On Mon, Aug 25, 2025 at 07:52:10PM +0900, Harry Yoo wrote:
> Adding folio_lock/unlock in folio_referenced() is likely to affect
> reclamation performance. How bad is it? I don't know, need data.
>
> And adding cost only for the uffd case might not be justifiable...

Exactly.


^ permalink raw reply	[flat|nested] 21+ messages in thread

* Re: [DISCUSSION] Unconditionally lock folios when calling rmap_walk()
  2025-08-22 17:29 [DISCUSSION] Unconditionally lock folios when calling rmap_walk() Lokesh Gidra
  2025-08-22 17:44 ` Matthew Wilcox
  2025-08-24  4:18 ` Lokesh Gidra
@ 2025-08-25 15:19 ` David Hildenbrand
  2025-08-25 18:46   ` Lokesh Gidra
  2025-08-28 12:04   ` Lorenzo Stoakes
  2025-08-26 15:52 ` Lorenzo Stoakes
  3 siblings, 2 replies; 21+ messages in thread
From: David Hildenbrand @ 2025-08-25 15:19 UTC (permalink / raw)
  To: Lokesh Gidra, Lorenzo Stoakes, Andrew Morton
  Cc: Harry Yoo, Zi Yan, Barry Song, open list:MEMORY MANAGEMENT,
	Peter Xu, Suren Baghdasaryan, Kalesh Singh, android-mm,
	linux-kernel, Jann Horn, Rik van Riel, Vlastimil Babka,
	Liam R. Howlett

On 22.08.25 19:29, Lokesh Gidra wrote:
> Hi all,
> 
> Currently, some callers of rmap_walk() conditionally avoid try-locking
> non-ksm anon folios.
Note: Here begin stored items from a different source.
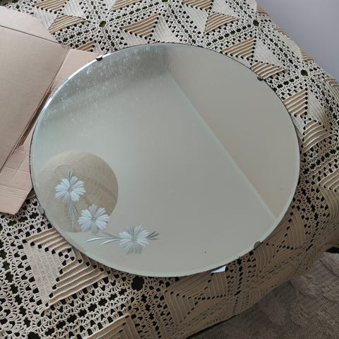 Kivan värinen peili ketjupidikkeellä.
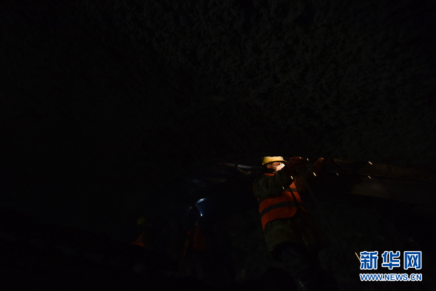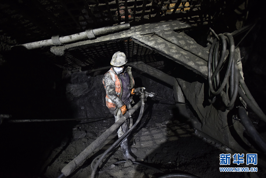 12月12日,中交二公局四公司盤大項目部在多隆隧道進(jìn)行打孔作業(yè)。新華網(wǎng) 趙遵平 攝
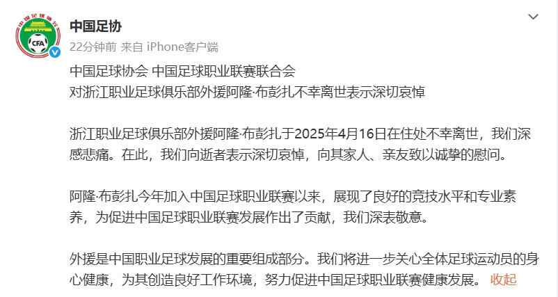 4月17日,@中国足协 发文回应阿隆·布彭扎离世,内容如下:
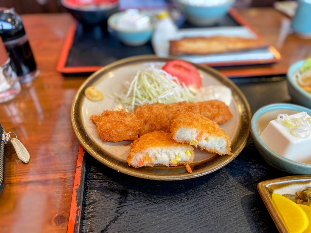 メンチカツのはずだが、ひき肉ではなくジャガイモ。つまりほぼコロッケのような味わいだった。
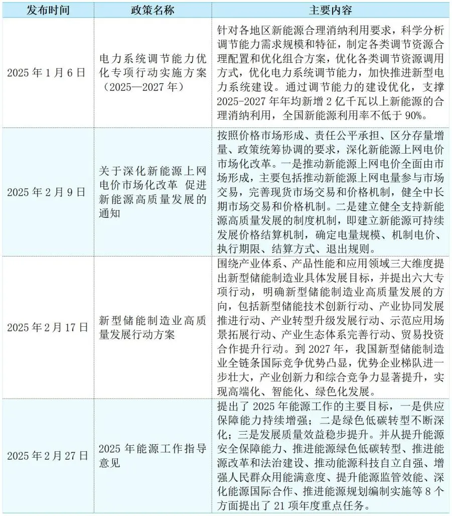表1 2025年以來我國發(fā)布的儲(chǔ)能相關(guān)政策匯總
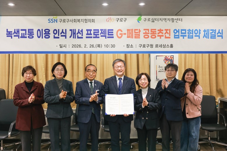 구는 2월 26일 구청 르네상스홀에서 구로구사회복지협의회, 서울구로삶터지역자활센터와 ‘지(G)-페달’ 공동 추진 업무협약을 체결하고 기관 간 협력체계를 구축했다.

This necessitates serialization through anon_vma
> write-lock elsewhere when folio->mapping and/or folio->index (fields
> involved in rmap_walk()) are to be updated. This hurts scalability due
> to coarse granularity of the lock. For instance, when multiple threads
> invoke userfaultfd’s MOVE ioctl simultaneously to move distinct pages
> from the same src VMA, they all contend for the corresponding
> anon_vma’s lock. Field traces for arm64 android devices reveal over
> 30ms of uninterruptible sleep in the main UI thread, leading to janky
> user interactions.
> 
> Among all rmap_walk() callers that don’t lock anon folios,
> folio_referenced() is the most critical (others are
> page_idle_clear_pte_refs(), damon_folio_young(), and
> damon_folio_mkold()). The relevant code in folio_referenced() is:
> 
> if (!is_locked && (!folio_test_anon(folio) || folio_test_ksm(folio))) {
>          we_locked = folio_trylock(folio);
>          if (!we_locked)
>                  return 1;
> }
> 
> It’s unclear why locking anon_vma exclusively (when updating
> folio->mapping, like in uffd MOVE) is beneficial over walking rmap
> with folio locked. It’s in the reclaim path, so should not be a
> critical path that necessitates some special treatment, unless I’m
> missing something.
> 
> Therefore, I propose simplifying the locking mechanism by ensuring the
> folio is locked before calling rmap_walk().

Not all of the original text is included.